*ASSIGNMENT*.
Reproduce only what runs from the line containing "We make comfortable" to the line containing "Тактическая куртка со съемной" in the records below, inclusive. Keep it exact, and keep the pictures out.

╭──

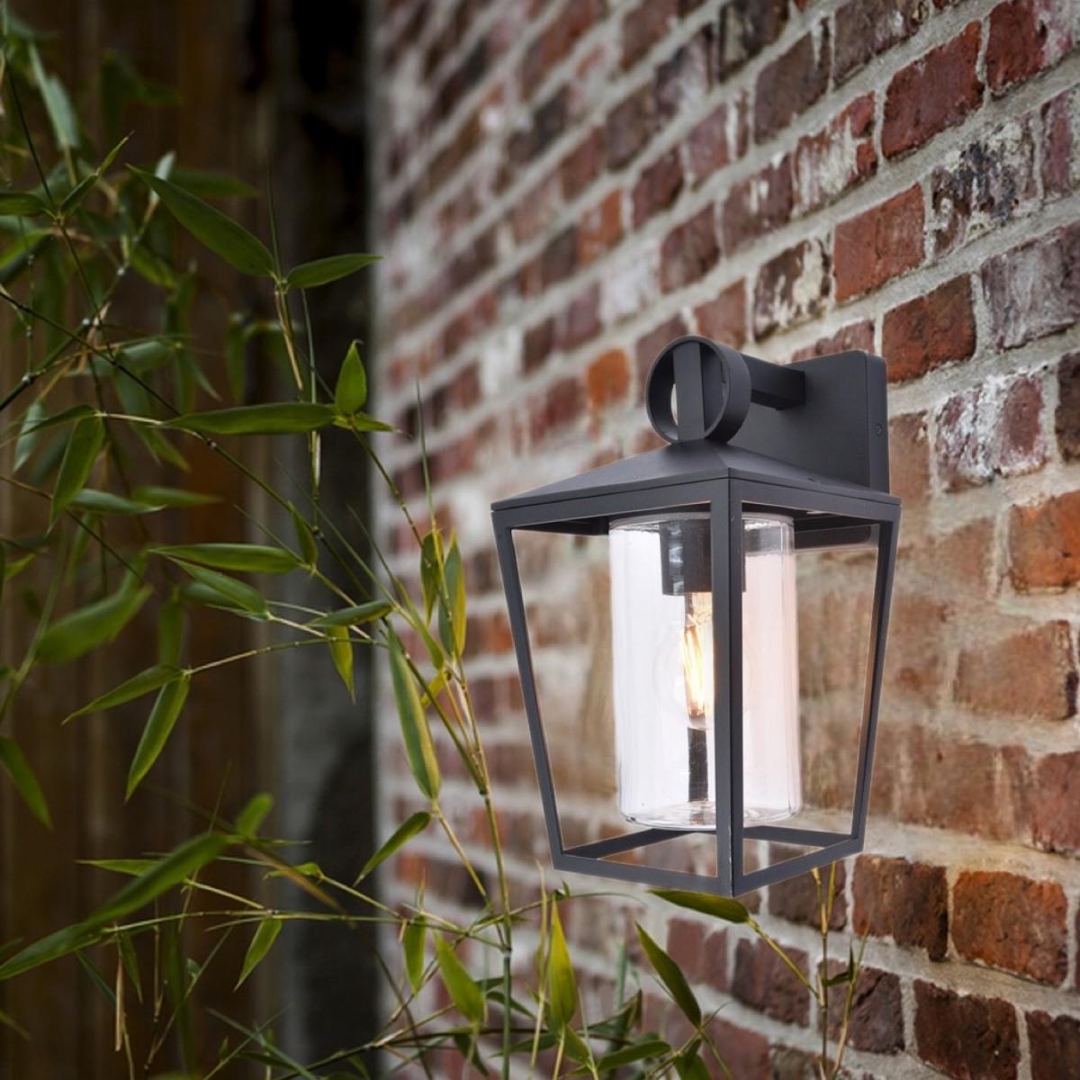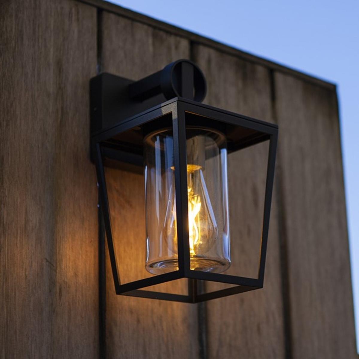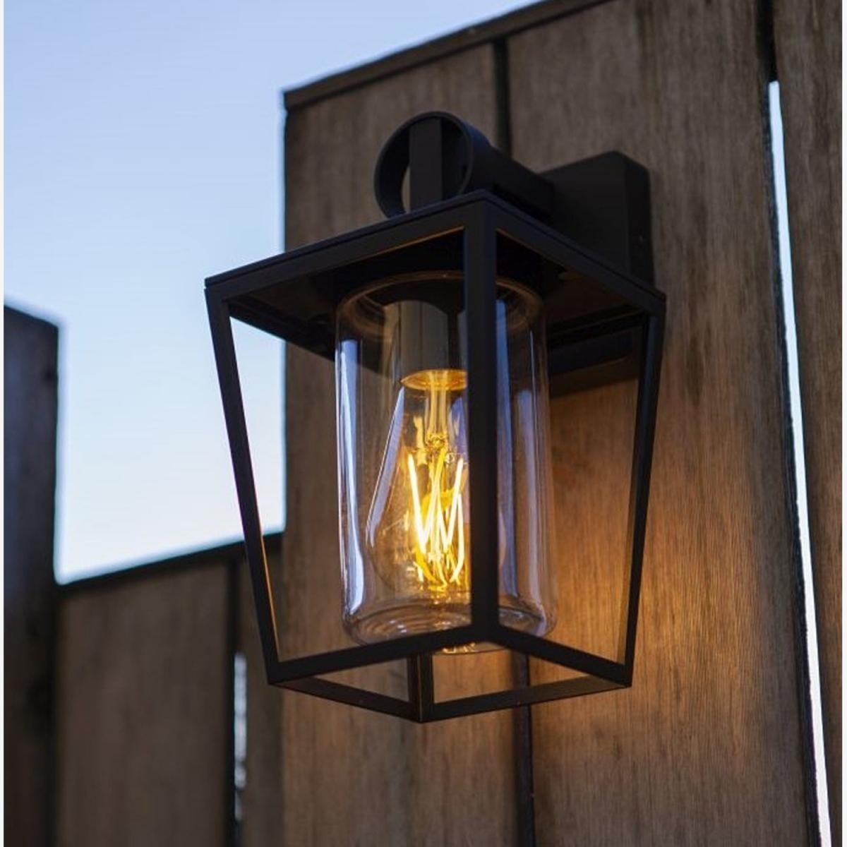 I love how this black outdoor wall light has a sleek, contemporary look that works well with various exteriors, from modern to industrial styles. Its simple geometric shape and matte finish make it versatile and unobtrusive, while the transparent glass adds a touch of warmth when illuminated. This lantern is ideal for highlighting entryways, patios, or garden walls, creating both safety and style. For styling tips, consider pairing it with similarly minimal fixtures or contrasting textures like wood or brick for visual interest. It works particularly well in outdoor spaces with a clean, understated aesthetic, and adding a warm filament bulb can enhance its welcoming vibe.
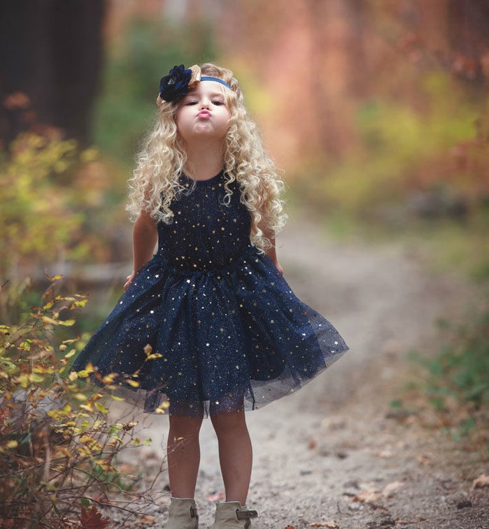 If your flower girl refuses to wear any dress that’s pink and frilly, don’t panic—this gorgeous navy number is the perfect solution to your problems! The gathered elastic waist makes this dress super easy to run around in so that your little lady will be able to play in the garden until her heart’s content. Plus, the sparkly gold stars paired with navy tulle are super cute and elegant without being overly feminine.
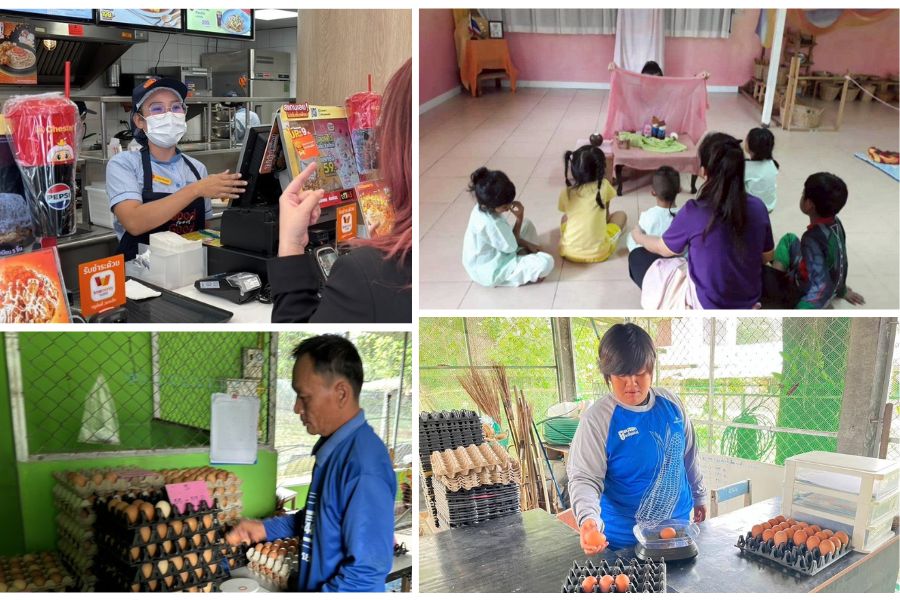 ปัจจุบัน ซีพีเอฟและบริษัทในกลุ่มจัดจ้างคนพิการรวม 728 คน ครอบคลุมการจ้างงาน 3 รูปแบบ ได้แก่ การจ้างงานคนพิการทำงานในสถานประกอบการของซีพีเอฟ 186 คน ซึ่งมีการจัดสภาพแวดล้อมและระบบสนับสนุนให้เหมาะสมกับศักยภาพของแต่ละคน และการจ้างงานคนพิการในชุมชนรวม 525 คน ส่วนใหญ่ทำงานในโรงเรียน เป็นผู้ช่วยครูในโครงการเลี้ยงไก่ไข่เพื่ออาหารกลางวันนักเรียน เป็นผู้ช่วยโรงพยาบาลส่งเสริมสุขภาพตำบล วัด และหน่วยงานราชการในพื้นที่ ช่วยแบ่งเบาภาระงาน สนับสนุนการให้บริการประชาชน และทำให้คนพิการได้ใช้ทักษะของตนเองอย่างเต็มที่ควบคู่ไปกับการเป็นส่วนหนึ่งของชุมชน รวมทั้งสนับสนุนนักกีฬาวีลแชร์บาสเกตบอลทีมชาติไทย 17 คน เพื่อให้นักกีฬามีความมั่นคงในชีวิต และมีเวลาทุ่มเทฝึกซ้อมเพื่อคว้าเหรียญทองได้อย่างเต็มที่
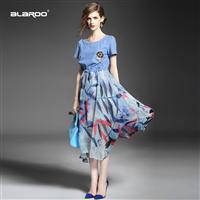 2015夏季新款 牛仔拼接修身系带不规则印花大摆中长连衣裙
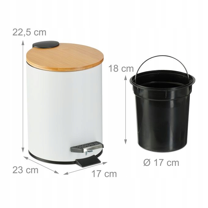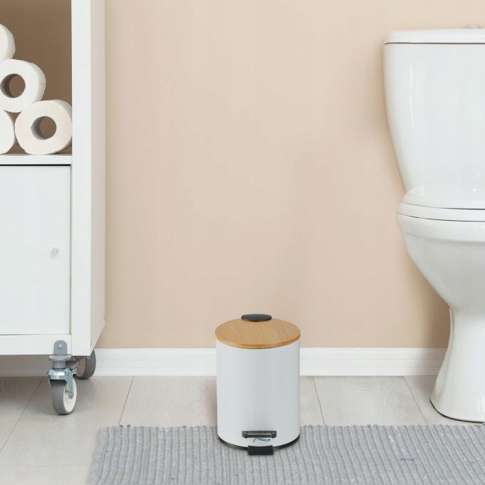 Odkryj elegancję i funkcjonalność z okrągłym koszem na śmieci, który doskonale komponuje się z wnętrzem Twojej łazienki czy toalety. Wykonany z matowego żelaza ze stylową bambusową pokrywą, ten kosz wygląda nowocześnie i oferuje higieniczne rozwiązanie do dyskretnego wyrzucania odpadów. Dzięki antypoślizgowemu pedałowi kosz można otworzyć bez użycia rąk, co zapewnia wygodę i czystość. Funkcja cichego domyku gwarantuje, że pokrywa zamyka się delikatnie, co dodatkowo podnosi komfort użytkowania. Wewnętrzny wyjmowany pojemnik ułatwia szybkie i łatwe opróżnianie. Wprowadź odrobinę nowoczesności do swojej łazienki!
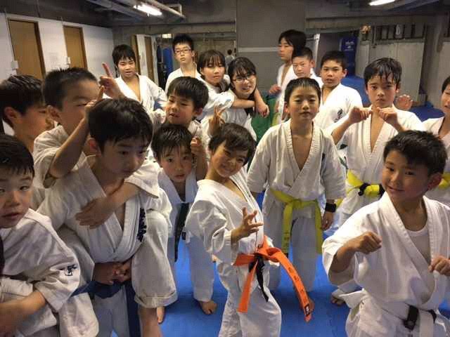 白帯の幼年部達から高学年、中学1年生までの生徒達が沢山集まりました。
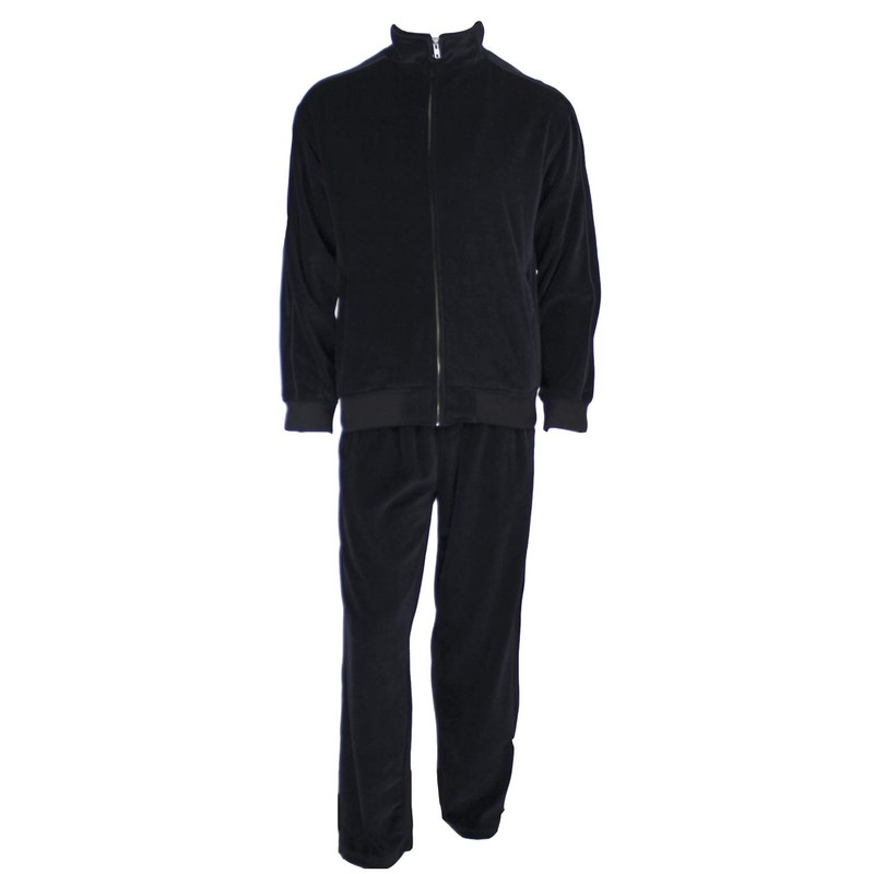 We make comfortable velour tracksuits for men. We use fine cotton and blend it with polyester for a soft comfortable sweatsuit. You can exercise in one of jogging suits but they are best for lounging and hitting the town.
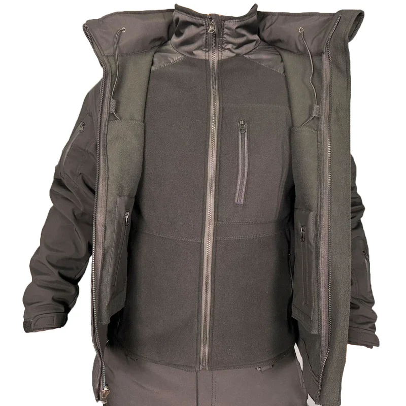 Тактическая куртка со съемной подкладкой (черная) Описание:Мужская тактическая куртка идеально подходит для экстремальных погодных условий и активных задач на свежем воздухе. Изготовлена из прочного, водоотталкивающего материала, она обеспечивает защиту от ветра и влаги. Модель представлена в универсальном черном цвете, который прекрасно сочетается с любым стилем и типом одежды. Основные особенности: • Материал: Водоотталкивающий полиэстер, защищающий от дождя и ветра.• Крой: Эргономичный крой, обеспечивающий свободу движений, что особенно важно в условиях тактических задач или активного отдыха.• Капюшон: Прячущий капюшон с регулировкой, который можно адаптировать под любые погодные условия.• Молнии: Высококачественные молнии с защитой от влаги.• Карманы: Множество карманов на молнии, включая карманы на рукавах и груди для удобного размещения мелких предметов.• Манжеты: Регулируемые манжеты на липучках для защиты от ветра и оптимальной посадки.• Съемная кофта: Внутренняя теплая флисовая кофта, которую можно снять, делая куртку более универсальной для разных сезонов. Идеально подходит для: • Тактических задач• Военной службы• Походов и активного отдыха• Городского использования в холодное время года Эта тактическая куртка сочетает в себе функциональность, стиль и надежность, предоставляя максимальный комфорт даже в самых сложных условиях.
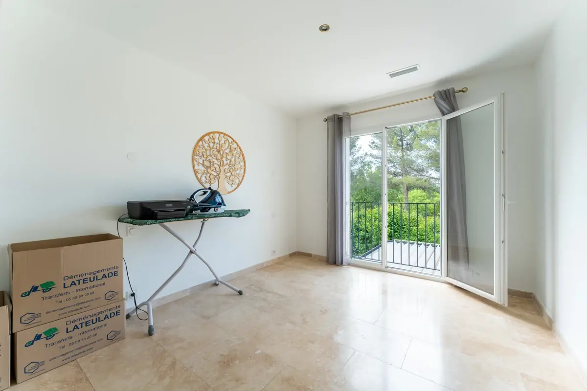 Cette maison lumineuse comprend un séjour de 53 m² avec une cuisine ouverte équipée ainsi qu'un cellier. A l'étage, retrouvez trois chambres avec placards ainsi qu'une suite parentale et son dressing, et sa salle d’eau à l'italienne. Les deux autres chambres sont desservies par une seconde salle d'eau. La maison et équipée de volets roulants électriques et de la climatisation gainable. Le travertin agrémente l'espace de matériaux de qualité.
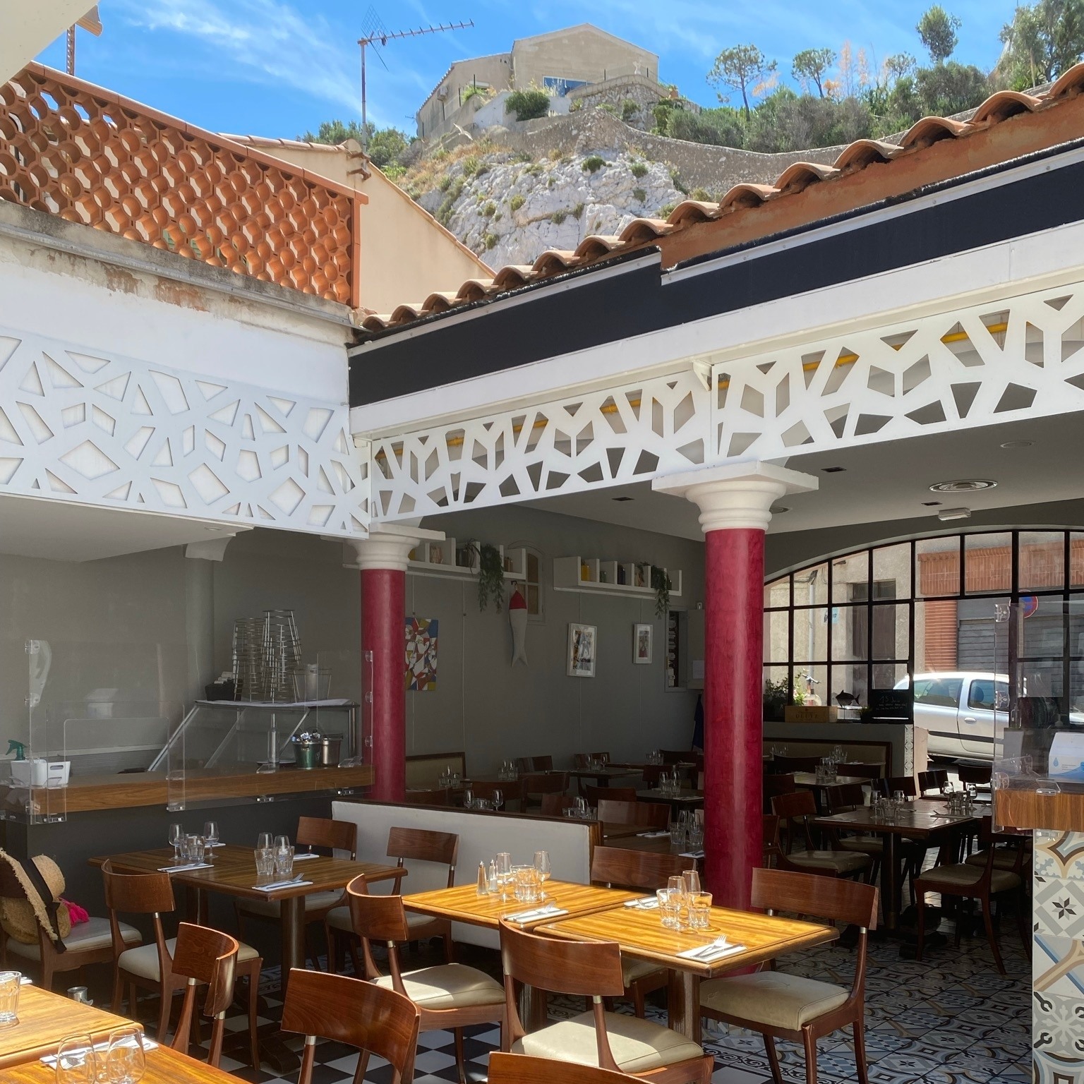 Evidement vous êtes au coeur du Vallon des Auffes, deuxième lieu le plus visité de Marseille après la Bonne Mère, et l’ambiance s’en ressent, à l’avant cour vous êtes nos invités.

╰──

*REPLY*.
 We make comfortable velour tracksuits for men. We use fine cotton and blend it with polyester for a soft comfortable sweatsuit. You can exercise in one of jogging suits but they are best for lounging and hitting the town.
 Тактическая куртка со съемной подкладкой (черная) Описание:Мужская тактическая куртка идеально подходит для экстремальных погодных условий и активных задач на свежем воздухе. Изготовлена из прочного, водоотталкивающего материала, она обеспечивает защиту от ветра и влаги. Модель представлена в универсальном черном цвете, который прекрасно сочетается с любым стилем и типом одежды. Основные особенности: • Материал: Водоотталкивающий полиэстер, защищающий от дождя и ветра.• Крой: Эргономичный крой, обеспечивающий свободу движений, что особенно важно в условиях тактических задач или активного отдыха.• Капюшон: Прячущий капюшон с регулировкой, который можно адаптировать под любые погодные условия.• Молнии: Высококачественные молнии с защитой от влаги.• Карманы: Множество карманов на молнии, включая карманы на рукавах и груди для удобного размещения мелких предметов.• Манжеты: Регулируемые манжеты на липучках для защиты от ветра и оптимальной посадки.• Съемная кофта: Внутренняя теплая флисовая кофта, которую можно снять, делая куртку более универсальной для разных сезонов. Идеально подходит для: • Тактических задач• Военной службы• Походов и активного отдыха• Городского использования в холодное время года Эта тактическая куртка сочетает в себе функциональность, стиль и надежность, предоставляя максимальный комфорт даже в самых сложных условиях.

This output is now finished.